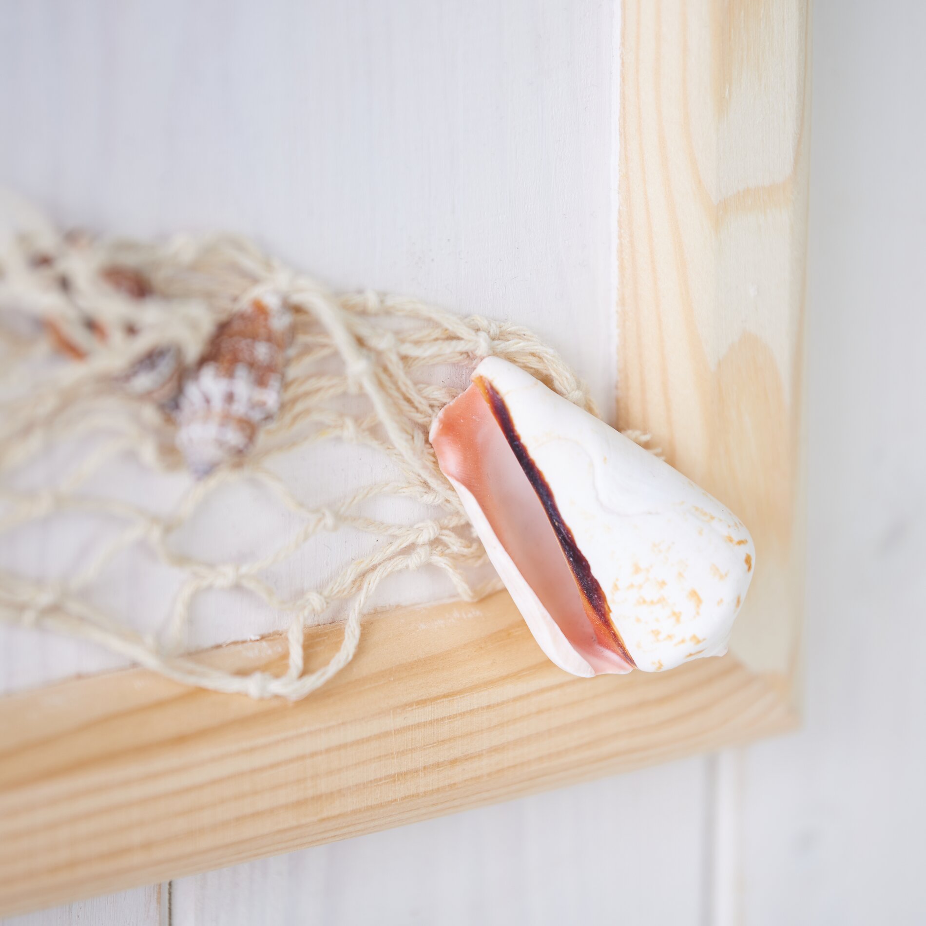Now the accents come into play: you can use hand lettering to write inspiring maritime sayings directly onto the frames. Then add scatter decoration, a fishing net and shells to give the frames depth and character. Make sure to place the decorations in a harmonious ratio on the frame.
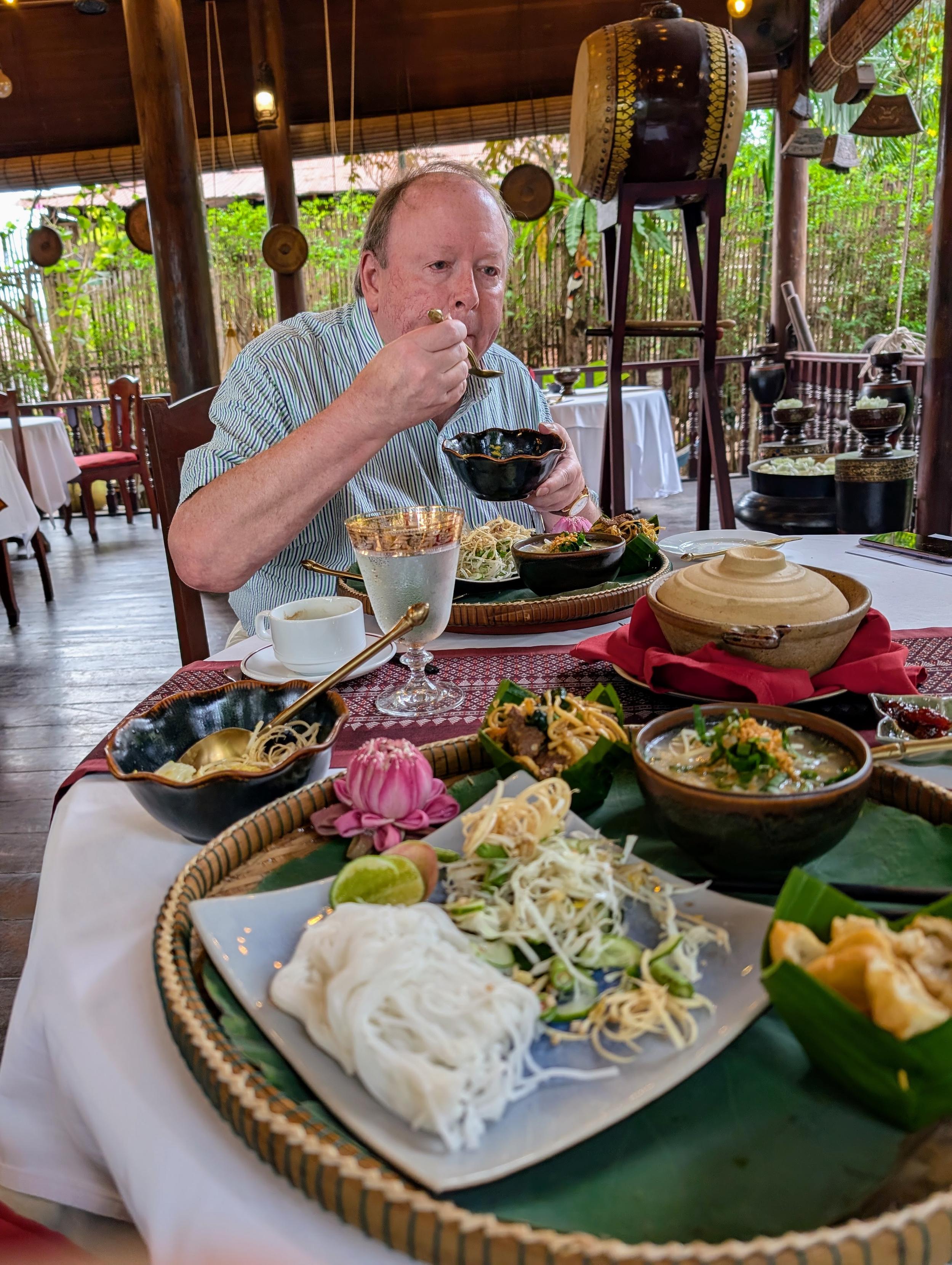 More Cambodian food, breakfast at Sala Kdei near Angkor Wat. My favorite was the Nom Bohn Chok នំបញ្ចុក, rice noodles with fish and coconut broth.
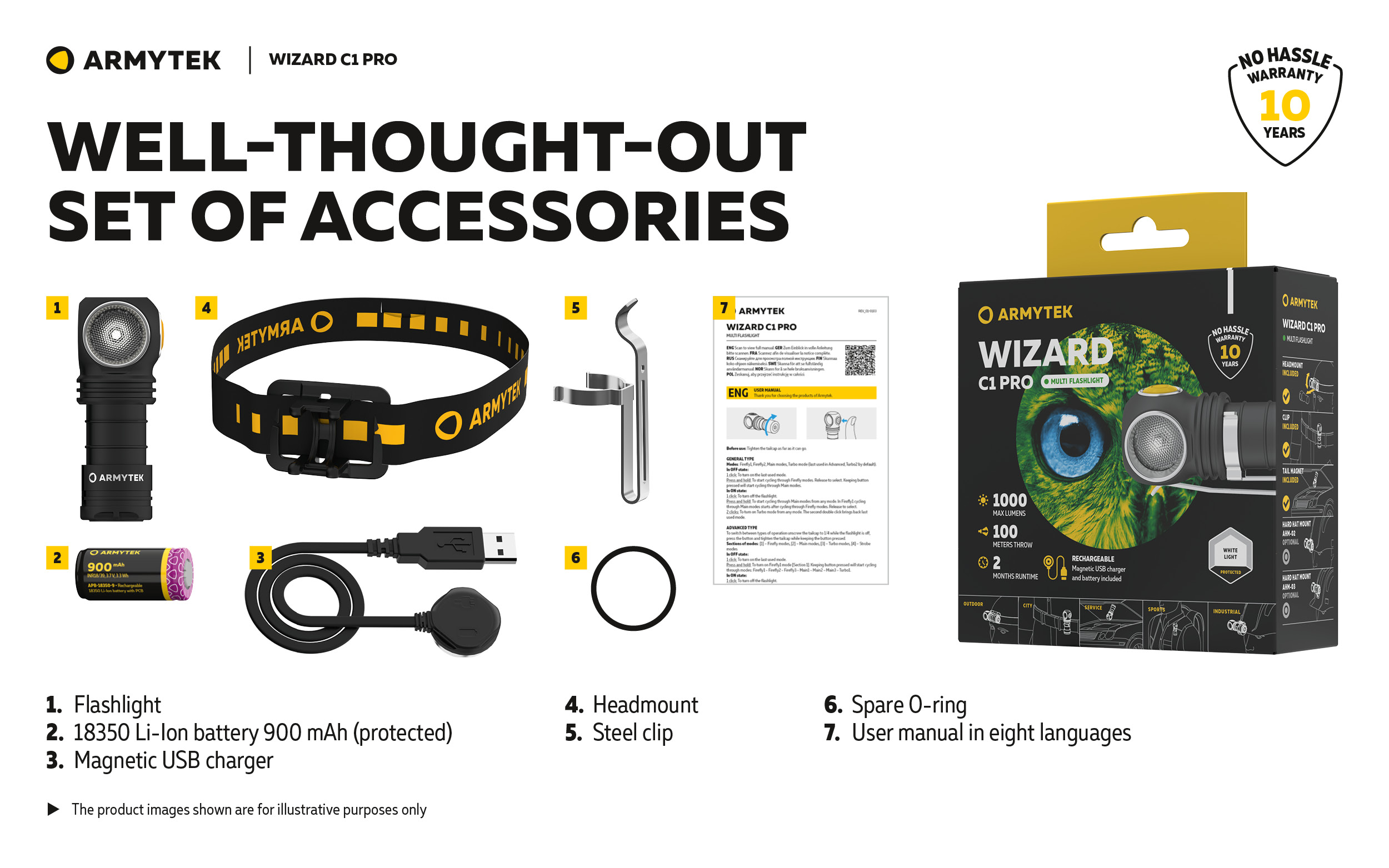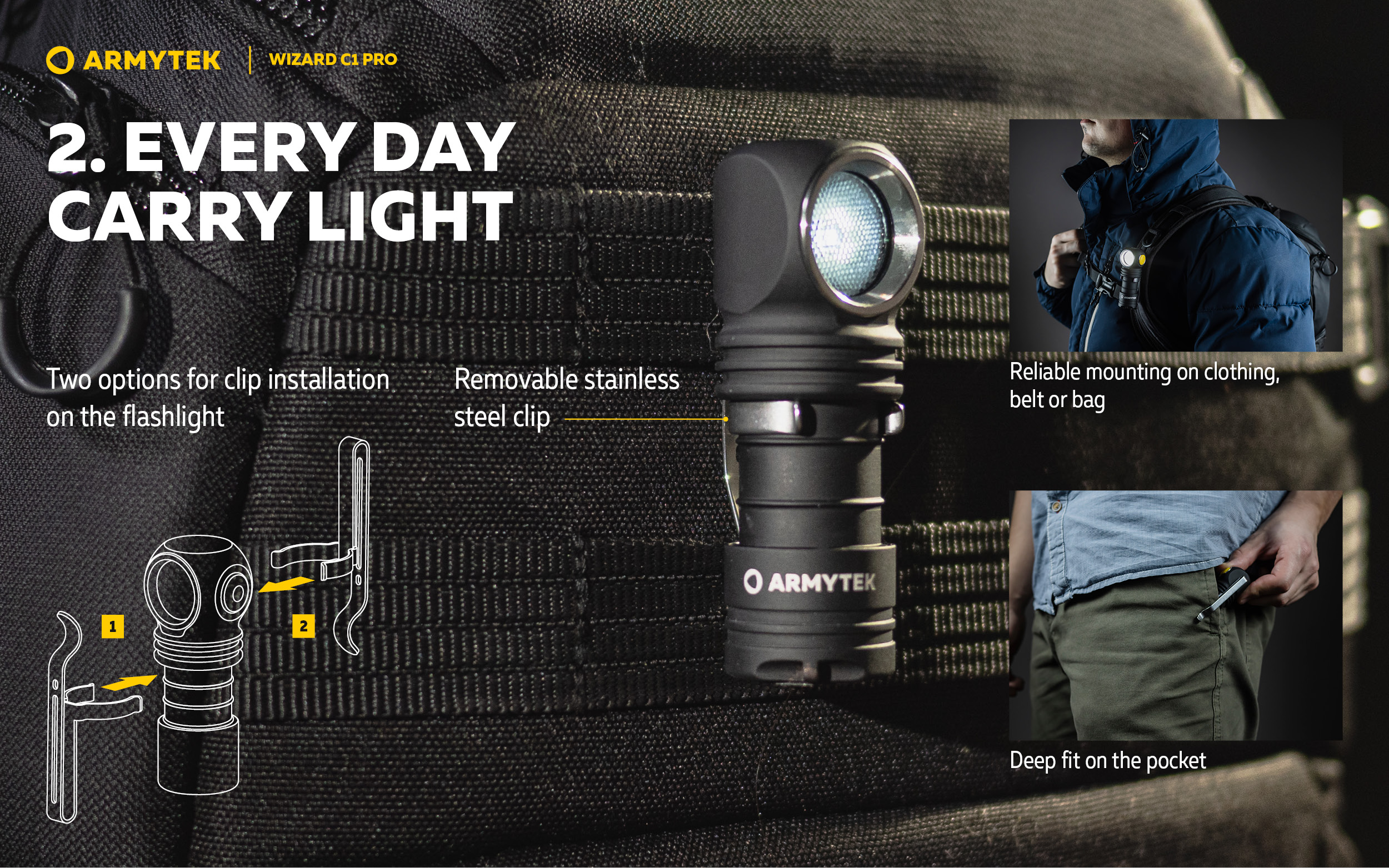 Wizard C1 Pro is attached to metal surfaces with a powerful magnet in the tailcap, securely fixed in the headmount and placed in any position on clothes, belt or bag using a clip. Moreover, there is a hole for lanyard or a key ring in the tailcap. The model is also compatible with bicycle mount ABM-01 and hard hat mount AHM-02.
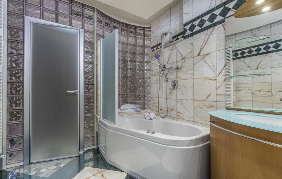 Gyönyörű új épület az első sorban, tengerre néző kilátással
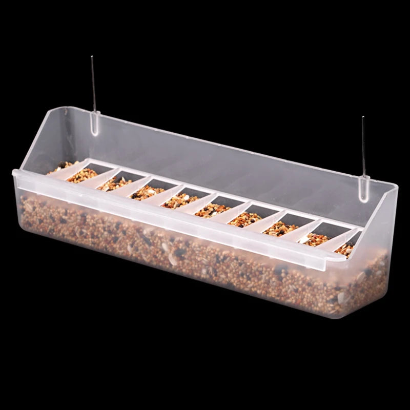Vogelvoerbak 6-vaks hangend β Transparante kunststof duiven- & kippenvoeder
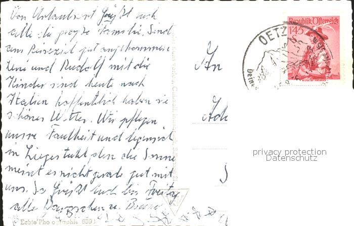 72161544 alte Postkarte oetz Tirol Gesamtansicht mit Alpenpanorama See postalisch gelaufen Erhaltung siehe scans KatCode: 11390334070214
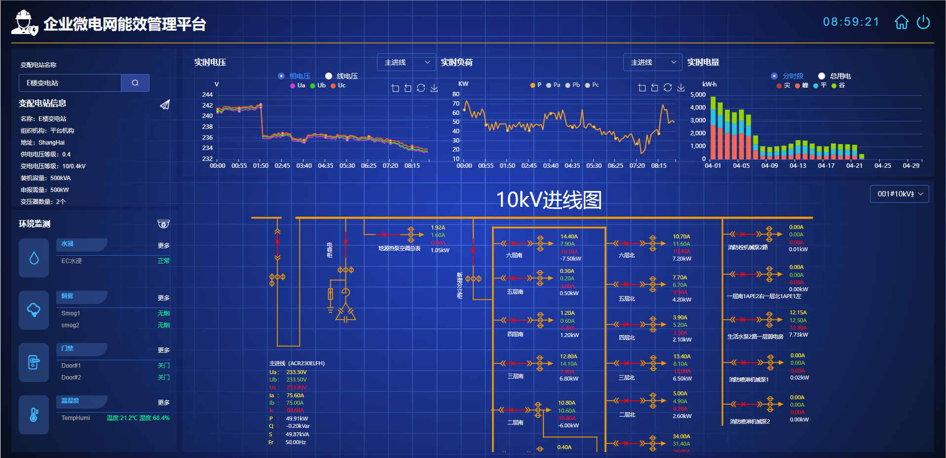 平台可实时监测变电所内变压器、各配电回路的运行情况,并记录各电力参数的历史数据。

*Work order*.
Output the entries exactly and keep every picture out of them.

*Task answer*.
Now the accents come into play: you can use hand lettering to write inspiring maritime sayings directly onto the frames. Then add scatter decoration, a fishing net and shells to give the frames depth and character. Make sure to place the decorations in a harmonious ratio on the frame.
 More Cambodian food, breakfast at Sala Kdei near Angkor Wat. My favorite was the Nom Bohn Chok នំបញ្ចុក, rice noodles with fish and coconut broth.
 Wizard C1 Pro is attached to metal surfaces with a powerful magnet in the tailcap, securely fixed in the headmount and placed in any position on clothes, belt or bag using a clip. Moreover, there is a hole for lanyard or a key ring in the tailcap. The model is also compatible with bicycle mount ABM-01 and hard hat mount AHM-02.
 Gyönyörű új épület az első sorban, tengerre néző kilátással
Vogelvoerbak 6-vaks hangend β Transparante kunststof duiven- & kippenvoeder
 72161544 alte Postkarte oetz Tirol Gesamtansicht mit Alpenpanorama See postalisch gelaufen Erhaltung siehe scans KatCode: 11390334070214
 平台可实时监测变电所内变压器、各配电回路的运行情况,并记录各电力参数的历史数据。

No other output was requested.